Жан крепко пожал протянутую руку.
– Пойдем, друг мой, – тепло произнес он, похлопав Джона по спине. – Нам теперь предстоит поднять не один, а по крайней мере два тоста: за разоблачение старого обмана и за расцвет новой дружбы.
Оставался лишь один член семьи, который пока не знал о предстоящей свадьбе, и Лизетт отнюдь не была уверена в том, что он воспримет эту новость спокойно. Об отношениях матери и Джона Ланкастера Франсуа ничего не знал. Он слышал, что когда-то очень давно, еще во время основания компании, они встречались. Он никогда особо и не задумывался над этим. Тем более сейчас. В данный момент все его мысли были заняты Аденом, который должен был появиться в "Уголке любви" в течение ближайших двух дней. Зная, что Хассон намерен убить Хью, Франсуа не находил себе места.

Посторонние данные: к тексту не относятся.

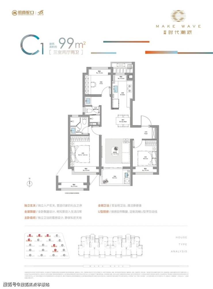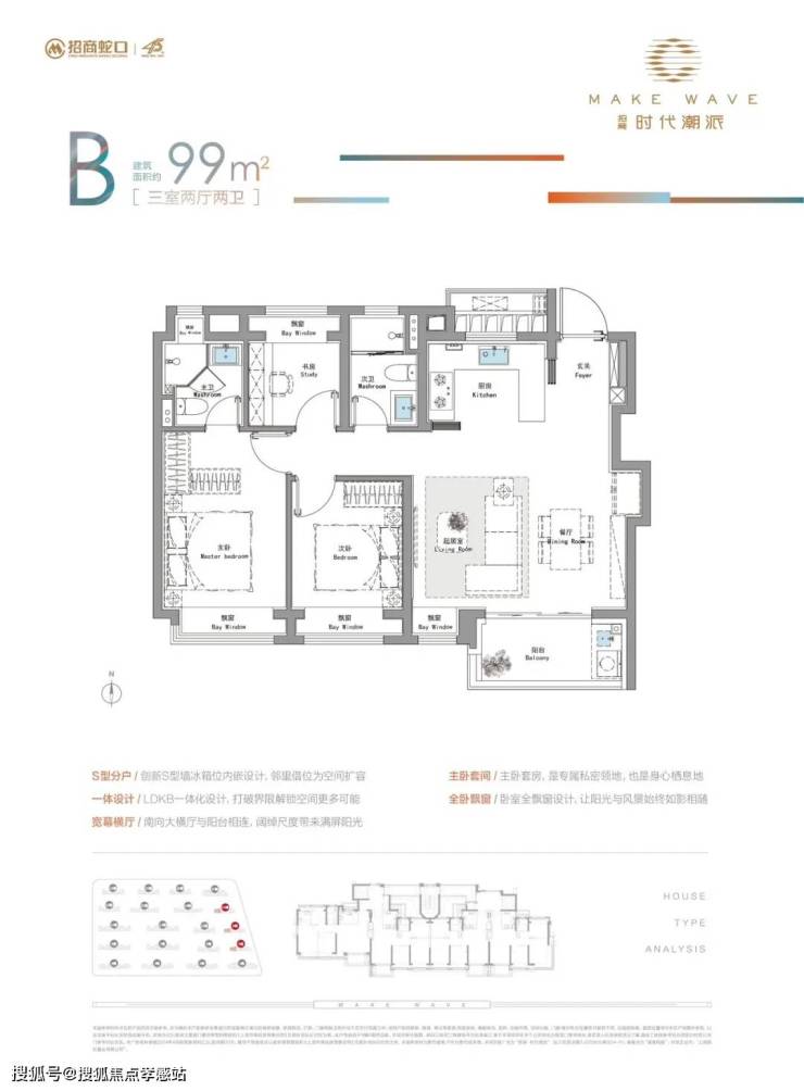 项目99平的户型,是项目的王炸主推户型,仅需约500万起即可上车。
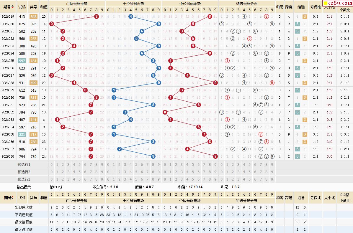 039期体彩排列3近期历史号码图表
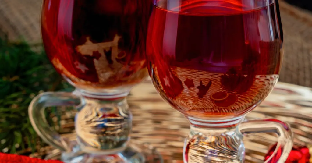 Red wine heated with spices (cinnamon, cloves, star anise) and citrus, often with a touch of sweetness.
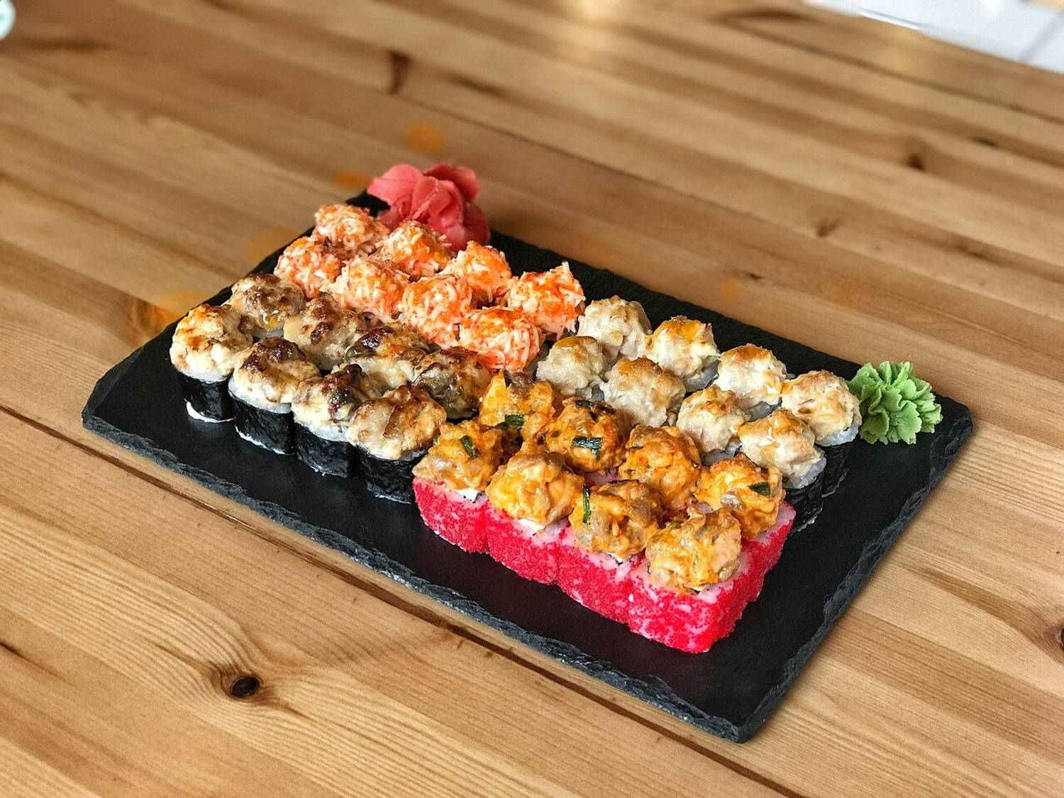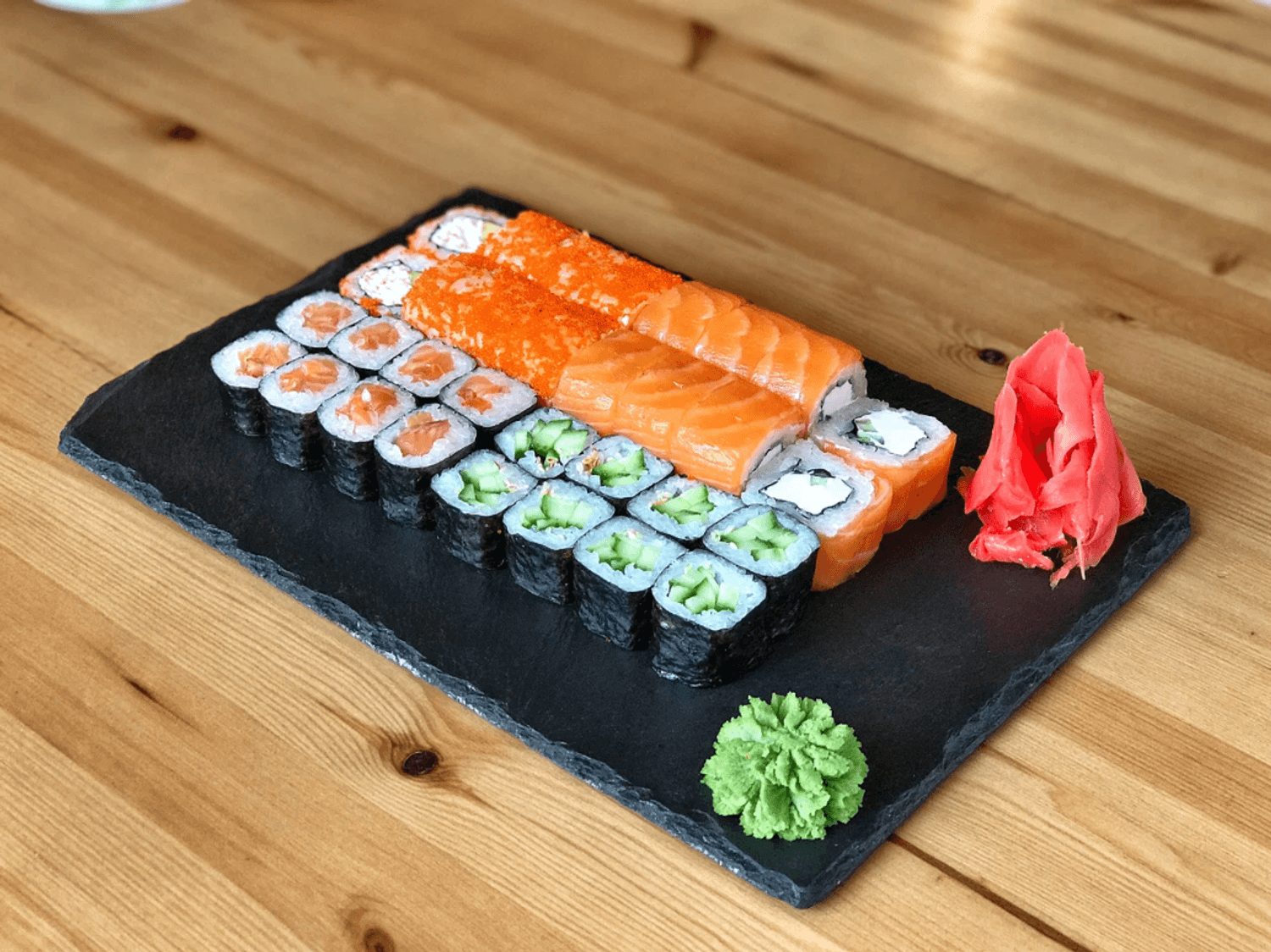 Еда и напитки. В меню — классические роллы с авокадо, креветкой, темпура с угрем и омлетом манго, запеченная калифорния в сырном соусе, гункан с угрем. Также есть поке с крабом, креветкой или тунцом. На горячее есть удон со свининой в соусе сладкий чили, том ям с лососем. К блюдам напитки — зеленый чай, соки или японскую газировку.

Передавая сестре просьбу Алена, он про себя молил Бога о том, чтобы она отказала. Молитва не была услышана. Легкость, с которой Микаэла и Хью согласились принять "его друга", ввергла Франсуа в уныние. Но изменить что-то уже было невозможно. С болью в сердце он написал Хассону записку и отправил ее со слугой в Новый Орлеан.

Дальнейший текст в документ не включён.